GitHub Repository: probml/pyprobml
Path: blob/master/notebooks/book2/29/supplementary/hmm_poisson_changepoint_tfp.ipynb
¹¹⁹³ views

Kernel: Python 3

HMM with Poisson observations for detecting changepoints in the rate of a signal

Code is from https://www.tensorflow.org/probability/examples/Multiple_changepoint_detection_and_Bayesian_model_selection

In [1]:

import numpy as np
import tensorflow.compat.v2 as tf

tf.enable_v2_behavior()
import tensorflow_probability as tfp
from tensorflow_probability import distributions as tfd

from matplotlib import pylab as plt

%matplotlib inline
import scipy.stats

Data

The synthetic data corresponds to a single time series of counts, where the rate of the underlying generative process changes at certain points in time.

In [27]:

true_rates = [40, 3, 20, 50]
true_durations = [10, 20, 5, 35]

np.random.seed(42)

observed_counts = np.concatenate(
    [scipy.stats.poisson(rate).rvs(num_steps) for (rate, num_steps) in zip(true_rates, true_durations)]
).astype(np.float32)

plt.plot(observed_counts)

plt.savefig("hmm_poisson_data.pdf")

Out[27]:

Model with fixed $K$

To model the changing Poisson rate, we use an HMM. We initially assume the number of states is known to be $K=4$ . Later we will try comparing HMMs with different $K$ .

We fix the initial state distribution to be uniform, and fix the transition matrix to be the following, where we set $p=0.05$ :

\begin{align*} z_1 &\sim \text{Categorical}\left(\left\{\frac{1}{4}, \frac{1}{4}, \frac{1}{4}, \frac{1}{4}\right\}\right)\\ z_t | z_{t-1} &\sim \text{Categorical}\left(\left\{\begin{array}{cc}p & \text{if } z_t = z_{t-1} \\ \frac{1-p}{4-1} & \text{otherwise}\end{array}\right\}\right) \end{align*}

In [29]:

num_states = 4

initial_state_logits = np.zeros([num_states], dtype=np.float32)  # uniform distribution

daily_change_prob = 0.05
transition_probs = daily_change_prob / (num_states - 1) * np.ones([num_states, num_states], dtype=np.float32)
np.fill_diagonal(transition_probs, 1 - daily_change_prob)

print("Initial state logits:\n{}".format(initial_state_logits))
print("Transition matrix:\n{}".format(transition_probs))

Out[29]:

Initial state logits:
[0. 0. 0. 0.]
Transition matrix:
[[0.95       0.01666667 0.01666667 0.01666667]
 [0.01666667 0.95       0.01666667 0.01666667]
 [0.01666667 0.01666667 0.95       0.01666667]
 [0.01666667 0.01666667 0.01666667 0.95      ]]

Now we create an HMM where the observation distribution is a Poisson with learnable parameters.
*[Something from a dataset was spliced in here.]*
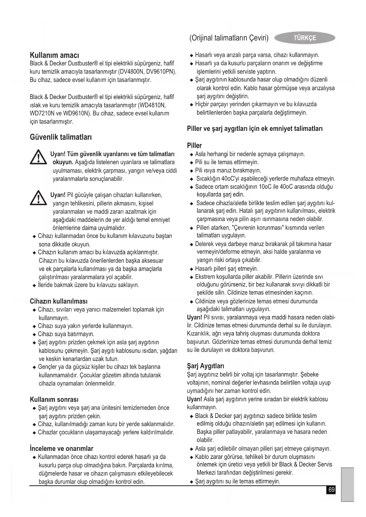 Montaj Duvar Askısı (Şek. C) (Sadece DV9610PN) Konforlu saklama ve cihaz için şarj noktası sağlanması amacıyla ürün duvara sabitlenebilir. Duvara sabitleme için, sabitleme yönteminin duvar tipine ve cihazın ağırlığına uygun olduğundan emin olun. u Vida deliklerinin konumunu işaretleyin (elektrik süpürgesi- nin duvar askısında bulunduğu sırada şarj edilebilmesi için bir elektrik prizine yakın olmalıdır). u Şarj aygıtı kablosunu, yaklaşık 20-22 cm pay olacak şekilde duvar askısı braketindeki kıvrımlı yuvaya sokun.71 (Orijinal talimatların Çeviri) u Elektrik süpürgesinin tabanındaki açıklığı duvar askısı braketinin üzerindeki kancalara yerleştirerek cihazı duvara asın. Cihazın Kurulması Aksesuarlar (Şek. B) Bu modeller, aşağıdaki aksesuarlardan bazıları ile birlikte teslim edilebilir: u Sert zeminler üzerinde ıslak kullanım için ıslak emme aleti (12). (Sadece WD4810N, WD7210N ve WD9610N) u Kesik havlı halılar üzerinde süpürme için elektrikli fırça kafası (13). Elektrikli fırça kafası özellikle saç, iplik, vs. toplamak için kullanışlıdır. (Sadece DV9610PN) Takma (Şek. D) u Uygun aksesuarı cihazın ön kısmına sokun. Aksesuarın yerine sonuna kadar itildiğinden emin olun. Kullanım u İlk kullanımdan önce, pilin en az 24 saat şarj edilmesi gerekmektedir. u Cihazı, kullanılmadığı zamanlarda şarj ana ünitesi- nin üzerinde tutun. (Sadece WD4810N, WD7210N ve WD9610N) Uyarı! Şarj etmeden önce, cihazınızın hasar görmemesi için cihazın içindeki tüm sıvıyı boşaltın ve cihazı tamamen kurun. Pilin şarj edilmesi (Şek. E ve F) u Cihazın kapalı olduğundan emin olun. Açma/kapatma düğmesi açık konumdayken pil şarj olmaz. u Şarj aygıtının (6) jakını cihazın şarj soketine (4) takın (Şek. E). (Sadece DV4800N ve DV9610PN) u Cihazı, şarj ana ünitesinin (7) üzerine yerleştirin (Şek. F). (Sadece WD4810N, WD7210N ve WD9610N) u Şarj aygıtını şe takın. Şebeke elektriği beslemesini açın. Şarj göstergesi (3) yanar. u Cihazı en az 16 saat şarjda bırakın. Şarj aygıtı, şarj sırasında ısınabilir. Bu durum normaldir ve bir arıza belirtisi değildir. Cihaz sınırsız bir süre boyunca şarj aygıtına bağlı olarak bırakılabilir. Cihaz, prize takılı durumdaki şarj aygıtına bağlı kaldığı sürece şarj göstergesi (3) yanar. Uyarı! Ortam sıcaklığının 4oC'nin altında veya 40oC'nin üzerinde olduğu koşullarda pili şarj etmeyin. Açma ve kapatma (Şek. G) u Cihazı açmak için açma/kapatma düğmesini (1) 1 konu- muna doğru kaydırın. u Cihazı kapatmak için açma/kapatma düğmesini (1) yeni- den 0 konumuna doğru kaydırın. Kuru toplama (DV4800N, DV9610PN) u Gündelik olarak dökülen kuru malzeme için. Islak ve kuru toplama (Sadece WD4810N, WD7210N ve WD9610N) u Gündelik olarak dökülen kuru malzemeler için cihazı ıslak emme aksesuarı olmaksızın kullanın. Uyarı! Ürününüz sadece haf temizlik için tasarlanmıştır. u Bu cihaz aynı zamanda gündelik olarak dökülen sıvılar için de kullanılabilir. Islak emme aksesuarını emici olmayan sert zeminlerde kullanın. Halı gibi emici zeminlerde, cihazınız dökülen sıvıları aksesuar olmaksızın daha iyi toplar. u Sert zeminlerde ıslak toplama için en yüksek performansı elde etmek amacıyla, ıslak emme aksesuarını hazne ucu açıklığına sokun. u Bu aksesuarı kullanarak en iyi sonuçları elde etmek için, cihazı 45o açıyla tutun ve yavaşça kendinize doğru çekin. u Hazneyi emme kanalının ucunu aşacak şekilde doldurmayın. Haznede sıvı varsa, cihazı baş aşağı veya yana doğru döndürmeyin, emme ucunu yukarıya kaldırmayın veya elektrik süpürgesini aşırı biçimde sallamayın. u Sıvı maddeleri topladıktan sonra, hemen cihazı ve ltreyi temizleyin. Islak toplamanın ardından uygun şekilde temizlenmemesi durumunda cihazın içinde küf oluşabilir. u Şarj etmeden önce, cihazınızın hasar görmemesi için cihazın içindeki tüm sıvıyı boşaltın ve cihazı tamamen kurun. Emme kuvvetinin optimize edilmesi Emme kuvvetinin optimum düzeyde tutulması için kullanım sırasında ltreler düzenli olarak temizlenmelidir. Ürünün boşaltılması ve temizlenmesi. Toz haznesinin ve ltrelerin sökülmesi (Şek. H, I, J ve K). Uyarı! Filtreler yeniden kullanılabilir ve düzenli olarak temi- zlenmelidir. u Serbest bırakma mandalını (2) bastırın ve toz haznesini (5) doğrudan çekerek çıkarın. u Toz haznesini bir çöp kovasının veya lavabonun üzerinde tutarken ltreyi çekerek haznenin içeriğini boşaltın. u Toz haznesini yerine takmak için "klik" sesiyle sıkıca yerine oturuncaya kadar tutamağın içine sokun. Uyarı! Cihazı asla ltreleri olmadan kullanmayın. Azami toz toplama kapasitesi sadece temiz ltrelerle elde edilebilir.72 (Orijinal talimatların Çeviri) Köpük dolgusu (Şek. J) (WD4810N, WD7210N ve WD9610N) u Köpük dolgusunu (10) ıslak/kuru deektörünün (11) ortasına yerleştirin. Uyarı! Su deektörü ve köpük dolgusu olmadan, cihazı asla ıslak uygulamalar için kullanmayın. Ön ltre (Şek. K) (DV9610PN) Filtre ile ön ltre, daha iyi temizliğe olanak sağlamak için ayrılabilir. u Ön ltreyi (9) saat yönünde çevirin ve ltrenin (8) üzerinden kaldırın. Toz haznelerinin ve ltrelerin temizlenmesi u Toz hazneleri ve ltreler ılık sabunlu suda yıkanabilir. u Filtrelerin ve toz haznesinin yeniden takılmadan önce kuru olduğundan emin olun. Filtrelerin değiştirilmesi Filtreler her 6 veya 9 ayda bir ve her aşındığında veya hasar gördüğünde değiştirilmelidir. Yedek ltreler Black & Decker yetkili satıcınızdan temin edilebilir: Model: DV4800N için VF110-XJ parça numaralı ltreyi kullanın Modeller: DV9610PN için VF110P-XJ parça numaralı ltreyi kullanın Modeller: WD4810N, WD7210N ve WD9610N için WVF110- XJ parça numaralı ltreyi kullanın Bakım Black & Decker

We specify the parameters in log space and initialize them to random values around the log of the overall mean count (to set the scale).

In [30]:

# Define variable to represent the unknown log rates.

np.random.seed(1)

trainable_log_rates = tf.Variable(np.log(np.mean(observed_counts)) + tf.random.normal([num_states]), name="log_rates")

hmm = tfd.HiddenMarkovModel(
    initial_distribution=tfd.Categorical(logits=initial_state_logits),
    transition_distribution=tfd.Categorical(probs=transition_probs),
    observation_distribution=tfd.Poisson(log_rate=trainable_log_rates),
    num_steps=len(observed_counts),
)

Model fitting using gradient descent.

We compute a MAP estimate of the Poisson rates $\lambda$ using batch gradient descent, using the Adam optimizer applied to the log likelihood (from the HMM) plus the log prior for $p(\lambda)$ .

In [31]:

rate_prior = tfd.LogNormal(5, 5)


def log_prob():
    return tf.reduce_sum(rate_prior.log_prob(tf.math.exp(trainable_log_rates))) + hmm.log_prob(observed_counts)


losses = tfp.math.minimize(lambda: -log_prob(), optimizer=tf.optimizers.Adam(learning_rate=0.1), num_steps=100)
plt.plot(losses)
plt.ylabel("Negative log marginal likelihood")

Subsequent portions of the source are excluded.